Family Happenings

This pregnancy has been rough.  I’ve been so incredibly sick. But I at the same time I am so grateful to be in this position. I really had given up the idea that we would have any more kids. I didn’t think it was in the Lord’s plan for us. Because I thought we were done having kids and I gave away so much baby gear! My friend, Christy, who was the recipient of most of the baby gear gave or is going to give it back. When I am done with it, it will go right back to her. That part is a huge relief at least.

In regards to being sick, I’ve had to get acupuncture treatments for nausea and STILL wear my sea bands.  Were it not for the fact I’ve learned that a little bit of protein in my belly helps (I nibble on hard boiled eggs and turkey meat), and that carbohydrates tend to make me sicker, and blessings from the Lord, I probably would have ended up having another IV from getting dehydrated and not keeping things down like I did with Firstborn.  I tried the anti-nausea medication they said I could take, but I had a reaction to it.  

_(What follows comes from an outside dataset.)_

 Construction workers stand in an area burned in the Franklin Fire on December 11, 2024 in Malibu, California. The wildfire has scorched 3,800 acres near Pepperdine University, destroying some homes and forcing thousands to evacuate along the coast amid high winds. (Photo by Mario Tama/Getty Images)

Based upon prior experience I am pretty sure I am having a boy.  I am just hoping that if it is a boy, and he too is on the autism spectrum, the Lord will grant me strength and wisdom to be the best parent I can be.  
Words really can’t express how shocked I was at being pregnant.  I am so grateful though that we have made it further than we did with the last three pregnancies.  I’ve done a lot of soul searching about the answer I got, and I can see a purpose for it now.  The answer I got was that I had done all I needed to for my family and that I should focus on helping my kids right now.  I interpreted that as I had given birth to all the children I needed to. Perhaps I that is how I was supposed to interpret my answer.  Since then though, I have been focusing more on what my kids need.  
I have also gone through the difficult process of aligning my heart to the Lord’s will for me.  I am sure this will not be the only time I ever have to align my will with what Heavenly Father and our Savior want for me, but I have grown so much closer to them.  Staying close to our Father in Heaven and Savior is a constant process I know. You really have to keep moving forward because doing nothing sends you backwards.  

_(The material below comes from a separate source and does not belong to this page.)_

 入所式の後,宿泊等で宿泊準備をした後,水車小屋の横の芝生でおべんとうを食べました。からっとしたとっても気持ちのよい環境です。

Katie (who is now my first counselor), and Julie (my second counselor) have been a tremendous help. I was so sick we ended up telling them and the Bishop in addition to our parents because I needed the extra help. 

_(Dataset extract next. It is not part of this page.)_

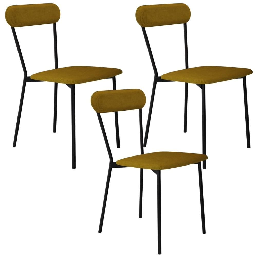 Kit 03 Cadeiras Estofada Para Sala de Jantar Liora Preto C01 Linho Mostarda - Lyam Decor

I was somewhat apprehensive at our 12 week visit. this was the visit where in the last two pregnancies things had gone wrong. First we had our 12 week ultrasound and we saw a strong heartbeat, and I could even tell the nuchial folds seemed thinner than the baby we lost. Then it was time for the doctor to see me after the ultrasound. When he came in a gave us a HUGE smile. Everything looked great at this point. I felt so relieved– we made it to a crucial point.

We still didn’t want to tell the world at large, but we felt lighter and a bit more optimistic. Thankfully as well, my morning sickness ebbed just in time for that family vacation I planned for in May.  

We had a good time–so much so that our most recent trip has earned A couple of separate posts.  I have had to put off things for my other children because I was so sick with the one I am carrying now.  One of those is pressing for C5-Trainboy–though I think Acroboy is more appropriate now–getting him into preschool.  We’re almost to Christmas and he still isn’t in a program yet. We were told we were on the wait list. There have been days when it was all I could do to make breakfast and lunch for the two of us, so I had no problem not having to run him to school each day.

Acroboy is smart, so it is not the academic portion I am worried about. It’s getting him to adjust going to school each day. It is getting him used to a regular classroom setting and interacting with large groups of children. He goes to the children’s class each Sunday, but that isn’t a substitute for a weekday routine. His sister got a call just before Winter break and would she like to join the preschool. I had been hoping that would be the case again, but not so far.  I have another meeting with the district after the holidays to hopefully get him an IEP. I am hoping they’ll put him in one of their preschool programs then.  Private preschool really isn’t an option for us. 

We took him back to the medical institute’s center for autism.  He had another ADOS and other evaluations.  This time he has a diagnosis of not only PDD-NOS, but ADHD. It’s really not surprising given how hyper he is all of the time.  I’ve been seeing him act more and more like Whirlwind all of the time. He has food and texture issues though, so medication is not an option in my mind.  We will see what meeting with the district brings.